LuceSEA Competition Announces Grant Award to Early Modern Period Transitions in Southeast Asia: Environmental Dynamics, Social Change, and Globalization – a five-year grant of $740,000
UCLA will join forces with University of Hawai’i and University of Washington to establish the Program for Early Modern Southeast Asia. The period between 1400 and 1830 will be the focus of research by a network of scholars in archaeology, climate science, anthropology and history. Undergraduates, graduate students, and SEA-based early career scholars will participate in annual field schools and workshops in SEA, with an emphasis on previously neglected local and indigenous histories. A community engagement plan will bring local SEA stakeholders into the research process. PEMSEA incorporates outreach to heritage students and SEAsians in Los Angeles. The Program promises to bring SEA into global discussions on environmental change during the early modern period. The reconstruction of past environments will help contemporary researchers and policymakers understand the pace and threat of land-use changes in SEA today. Asian partners include National Chengchi University (Taiwan), Partido State University (Philippines) and Polytechnic University of the Philippines.
UCLA Center for Southeast Asian Studies receives $740,000 grant from Luce Foundation
The Henry Luce Foundation awarded a grant of $740,000 to the UCLA Center for Southeast Asian Studies (CSEAS) to support the project Early Modern Period Transitions in Southeast Asia: Environmental Dynamics, Social Change, and Globalization, described as “an exciting project” by Luce Program Director for Asia, Helena Kolenda.

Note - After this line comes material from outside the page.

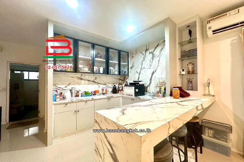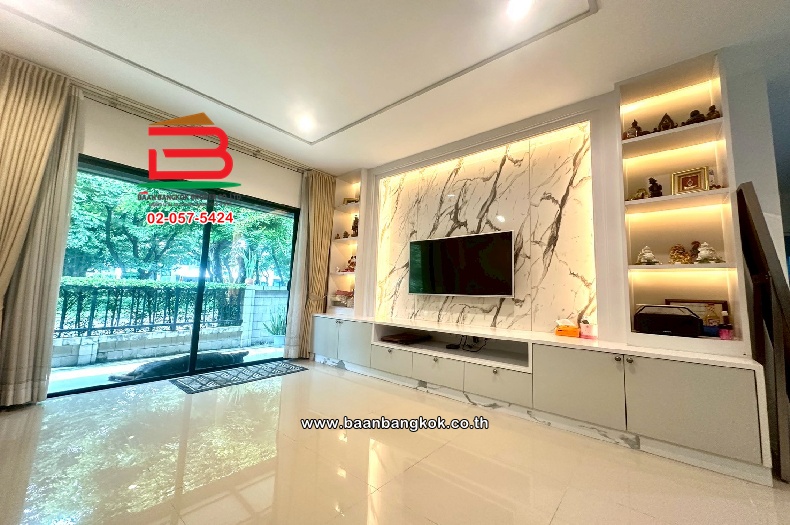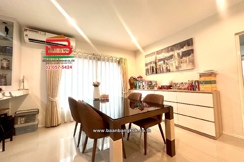 การตกเเต่ง : บ้านพร้อมเข้าอยู่ พร้อมด้วยเฟอร์ฯ Build in แอร์ 6 เครื่อง มีพื้นที่รอบบ้าน ต่อเติมห้องครัวไทย มีปั้มน้ำ-แท็งค์น้ำ เป็นบ้านเดี่ยวสไตล์โมเดิร์น ที่เน้นดีไซน์โป่งโล่ง ฟังก์ชันบ้านครบครันด้วย ห้องอเนกประสงค์ และรองรับการขยายครอบครัว จุดเด่น คือทำเลศักยภาพ ใกล้ทางด่วนวงแหวนกาญจนาภิเษก และถนนสายหลัก รวมถึงสิ่งอำนวยความสะดวกครบครัน เช่น คลับเฮาส์, ฟิตเนส, สระว่ายน้ำ และสวนสาธารณะขนาดใหญ่ ระบบรักษาความปลอดภัยมีมาตรฐานสูงเป็นแบบดับเบิ้ล Security และสัญญาณกันขโมยในบ้าน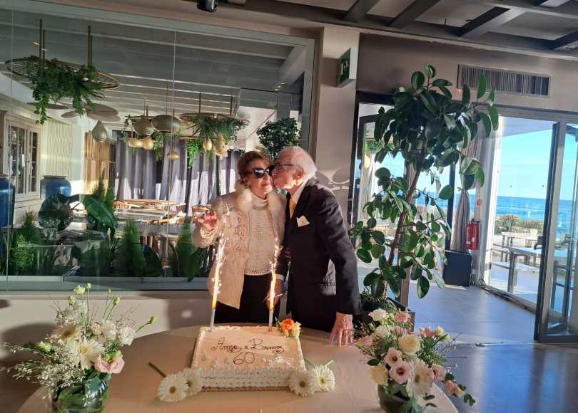 Da sempre attivi nella comunità pontina, fondatori della delegazione di Latina dell’Accademia Italiana della Cucina, ora soci onorari, hanno reso lustro al loro grande impegno con un prestigioso ricevimento, accompagnato dalle raffinate note del Sax, al Fogliano Hotel New Life in un’incantevole sala ricevimenti, affacciata sul mare con vista Circeo. Il menù, ricercato e particolare, realizzato con il pescato a Km 0, è stato annaffiato dai sorprendenti vini della Cantina Villa Gianna. Anna e Benny hanno espresso la loro gratitudine a tutti coloro che hanno fatto parte della loro vita, rendendo questi 60 anni di matrimonio un cammino ricco di amore, felicità e crescita.

The grant was awarded through the Luce Initiative on Southeast Asia and will establish the Program for Early Modern Southeast Asia (PEMSEA), directed by Stephen Acabado, associate professor of anthropology and core faculty member of the Cotsen Institute of Archaeology. Acabado also serves as director of CSEAS. Faculty from the University of Hawai'i at Mānoa and the University of Washington will serve as collaborators on the grant. The project will run from July 2021 through June 2027 with an additional $1.4 million institutional support from various units at UCLA including the International Institute, Cotsen Institute of Archaeology, Dean of Humanities and Dean of Social Sciences.